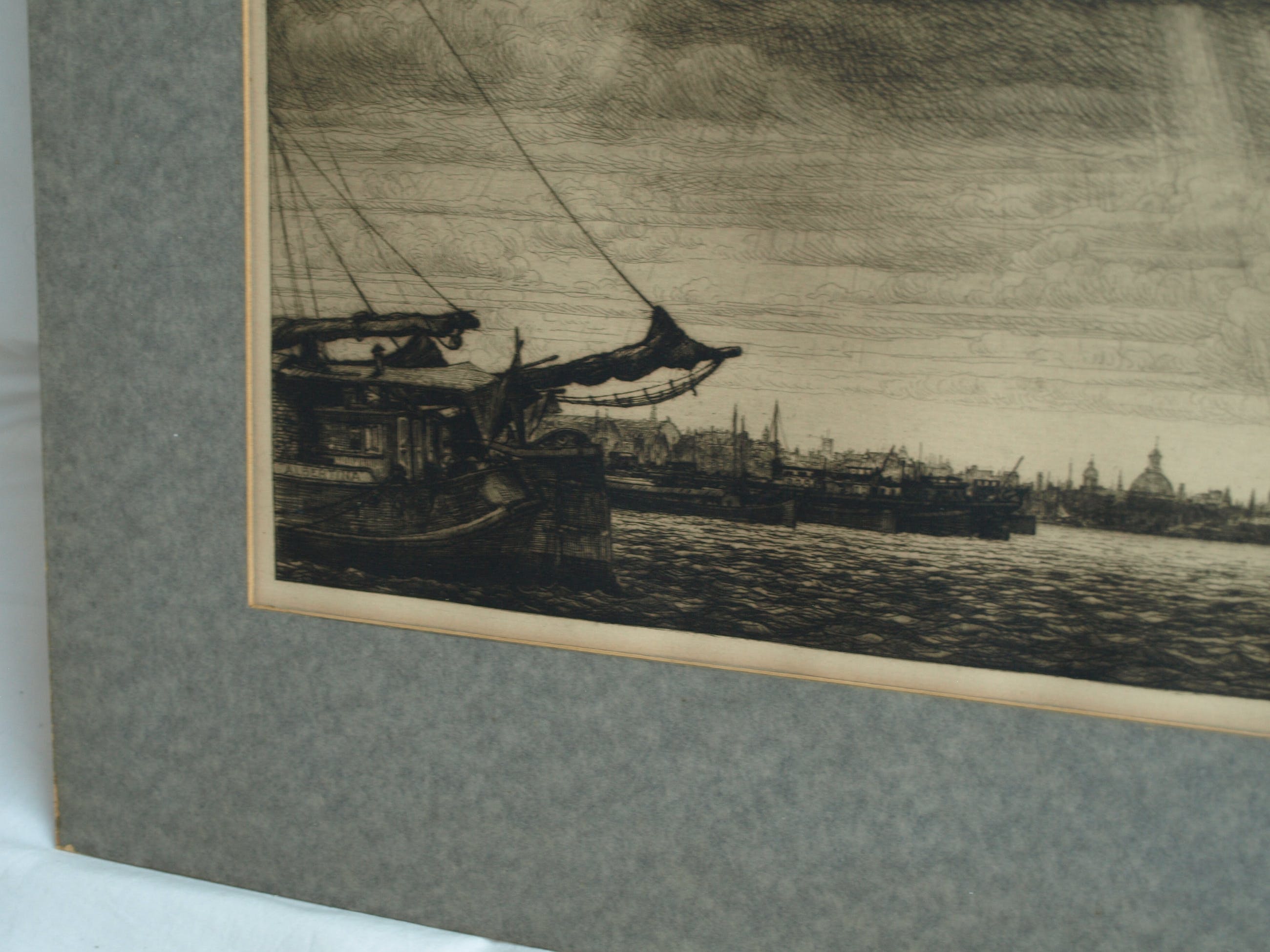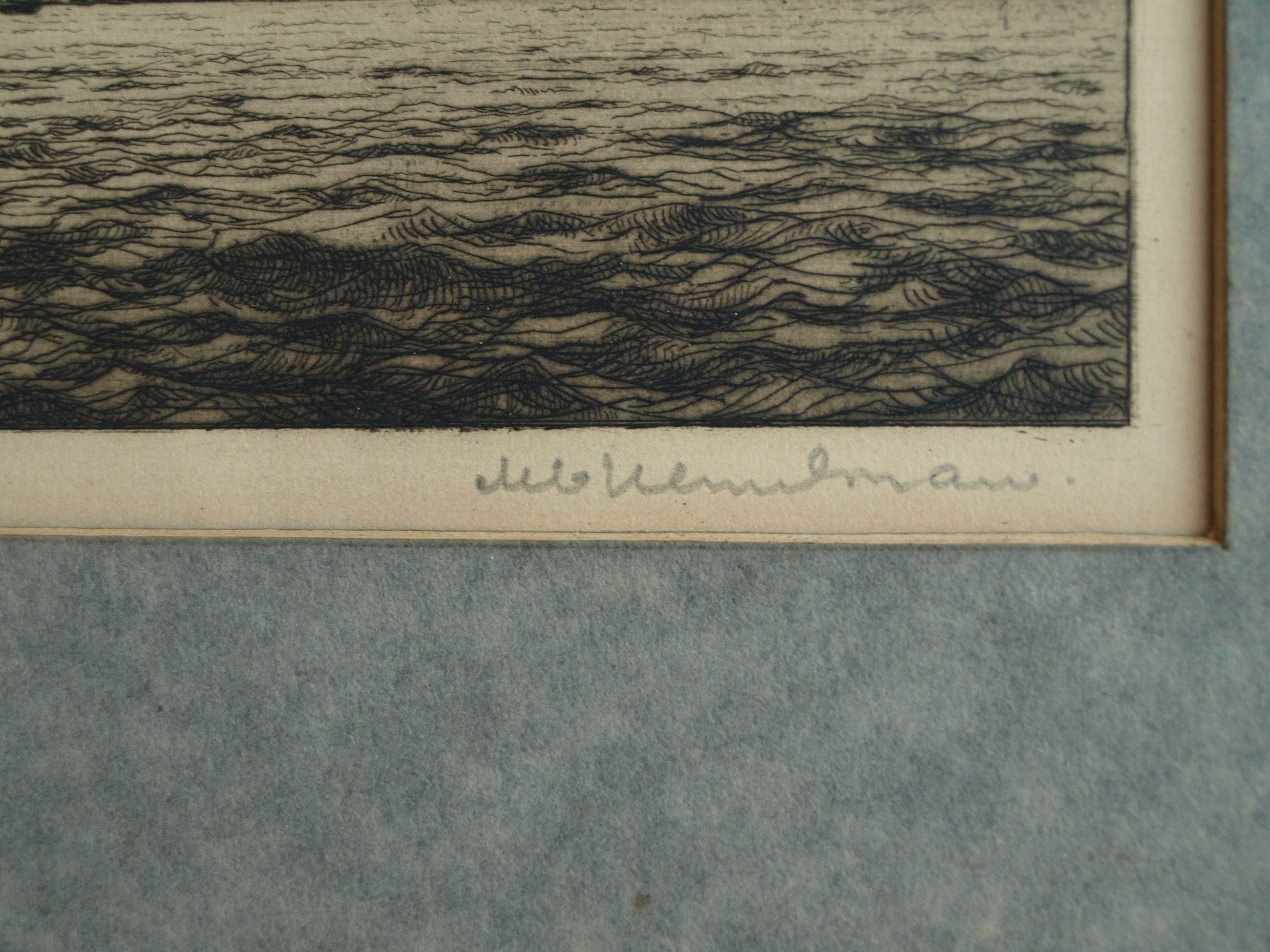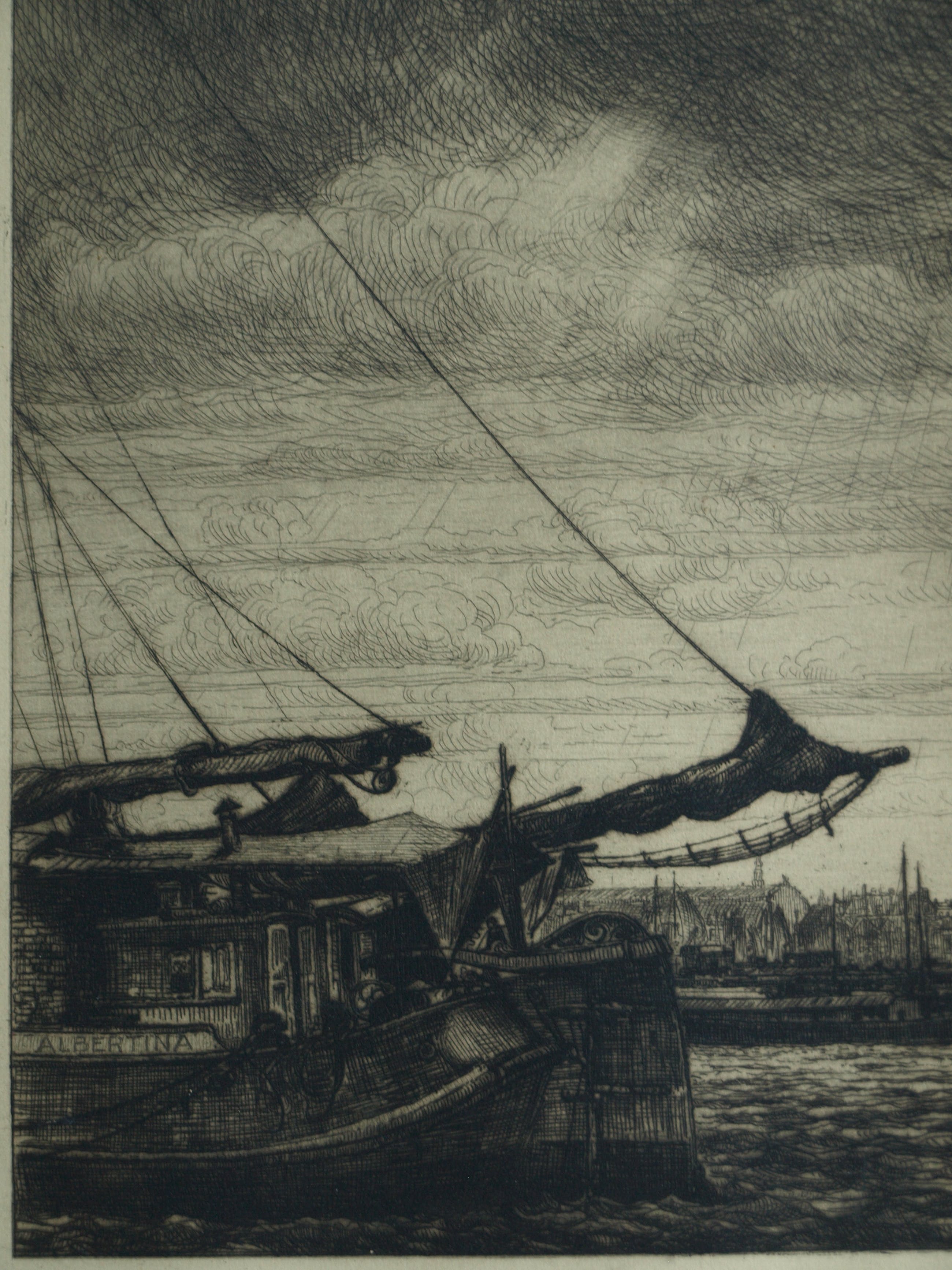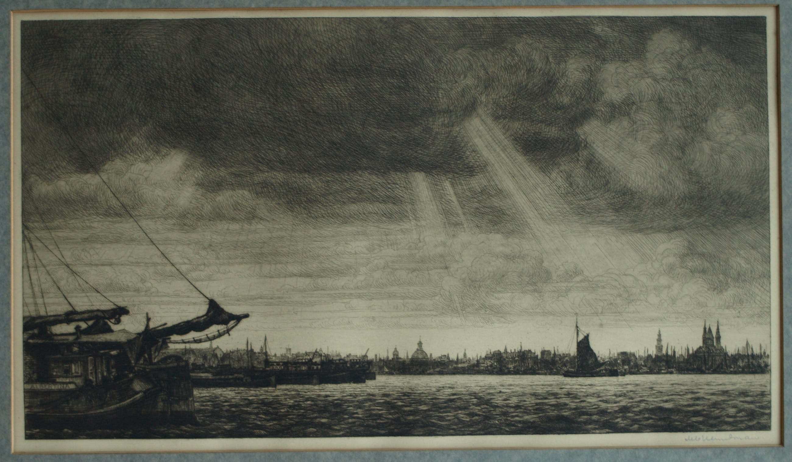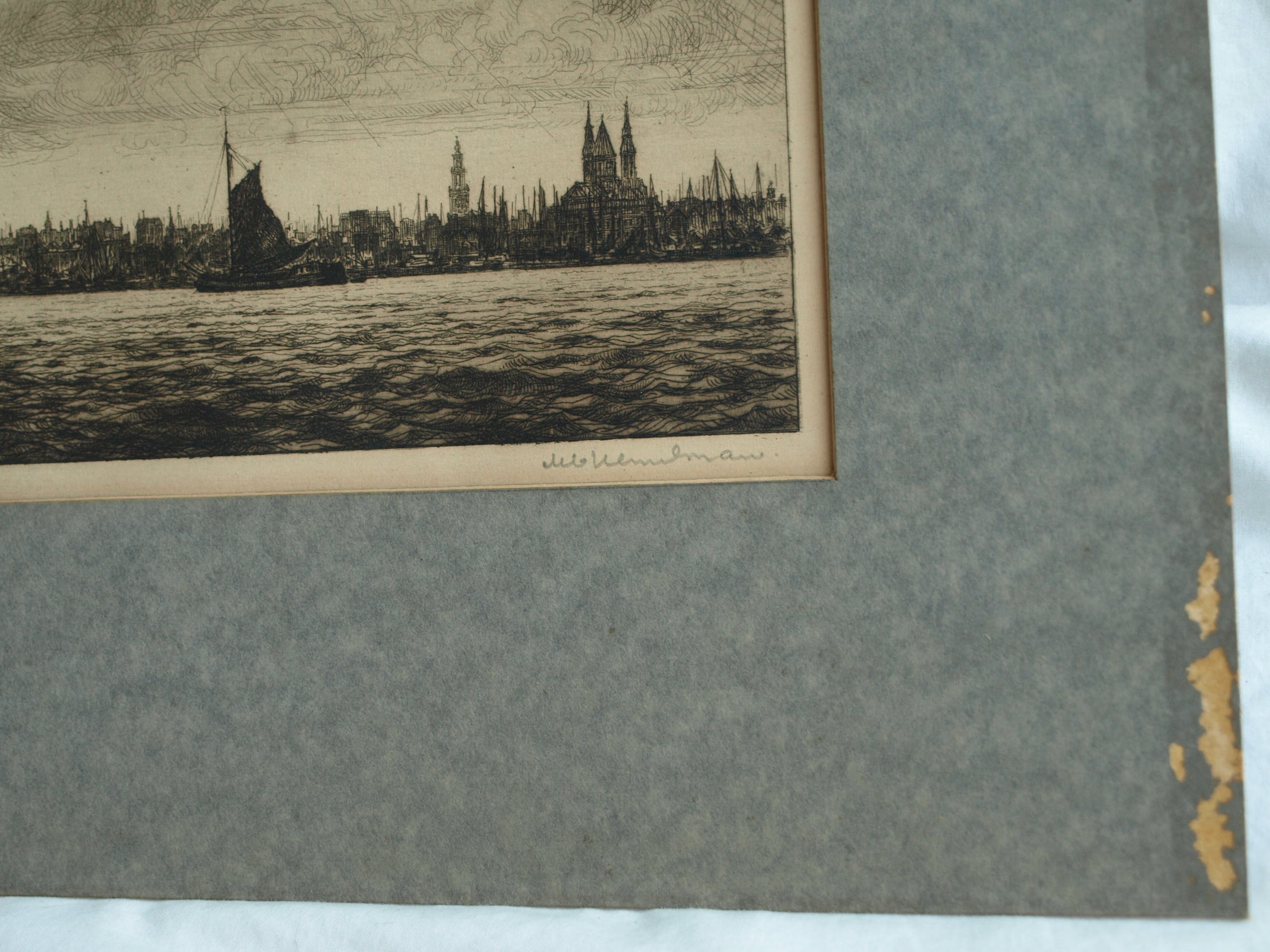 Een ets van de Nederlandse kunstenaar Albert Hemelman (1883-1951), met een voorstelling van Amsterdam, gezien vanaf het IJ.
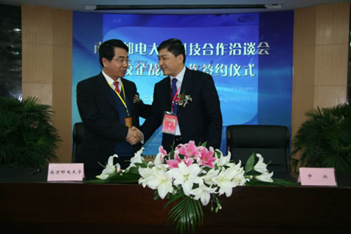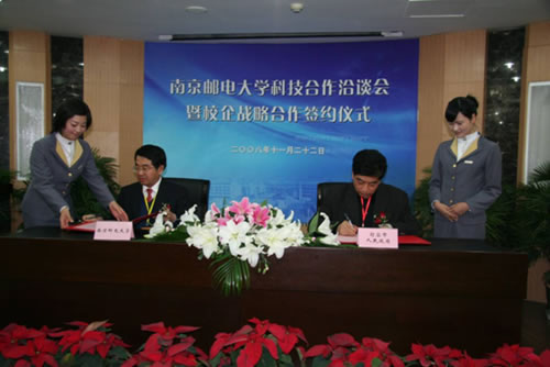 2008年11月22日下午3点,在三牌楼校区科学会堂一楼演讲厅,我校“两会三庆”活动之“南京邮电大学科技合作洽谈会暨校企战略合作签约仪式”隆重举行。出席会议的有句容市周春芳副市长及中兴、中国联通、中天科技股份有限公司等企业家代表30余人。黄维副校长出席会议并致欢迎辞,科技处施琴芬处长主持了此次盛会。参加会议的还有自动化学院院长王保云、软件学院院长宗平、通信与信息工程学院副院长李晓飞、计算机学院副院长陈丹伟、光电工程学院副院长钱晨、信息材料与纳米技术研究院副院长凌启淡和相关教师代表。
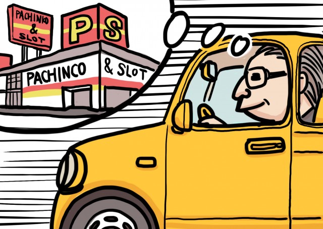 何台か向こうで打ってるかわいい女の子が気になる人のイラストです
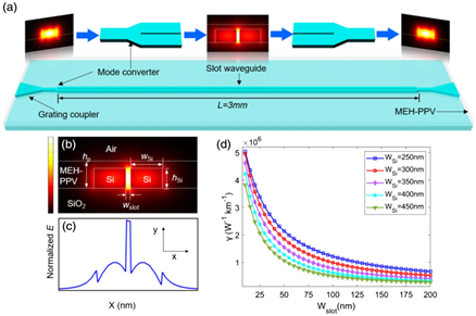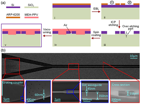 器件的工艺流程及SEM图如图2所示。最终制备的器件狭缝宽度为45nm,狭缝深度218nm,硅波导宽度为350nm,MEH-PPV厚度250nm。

Your assignment =>
Leave out the pictures and set down all of the data exactly.

Output for this exercise =>
 Een ets van de Nederlandse kunstenaar Albert Hemelman (1883-1951), met een voorstelling van Amsterdam, gezien vanaf het IJ.
 2008年11月22日下午3点,在三牌楼校区科学会堂一楼演讲厅,我校“两会三庆”活动之“南京邮电大学科技合作洽谈会暨校企战略合作签约仪式”隆重举行。出席会议的有句容市周春芳副市长及中兴、中国联通、中天科技股份有限公司等企业家代表30余人。黄维副校长出席会议并致欢迎辞,科技处施琴芬处长主持了此次盛会。参加会议的还有自动化学院院长王保云、软件学院院长宗平、通信与信息工程学院副院长李晓飞、计算机学院副院长陈丹伟、光电工程学院副院长钱晨、信息材料与纳米技术研究院副院长凌启淡和相关教师代表。
 何台か向こうで打ってるかわいい女の子が気になる人のイラストです
 器件的工艺流程及SEM图如图2所示。最终制备的器件狭缝宽度为45nm,狭缝深度218nm,硅波导宽度为350nm,MEH-PPV厚度250nm。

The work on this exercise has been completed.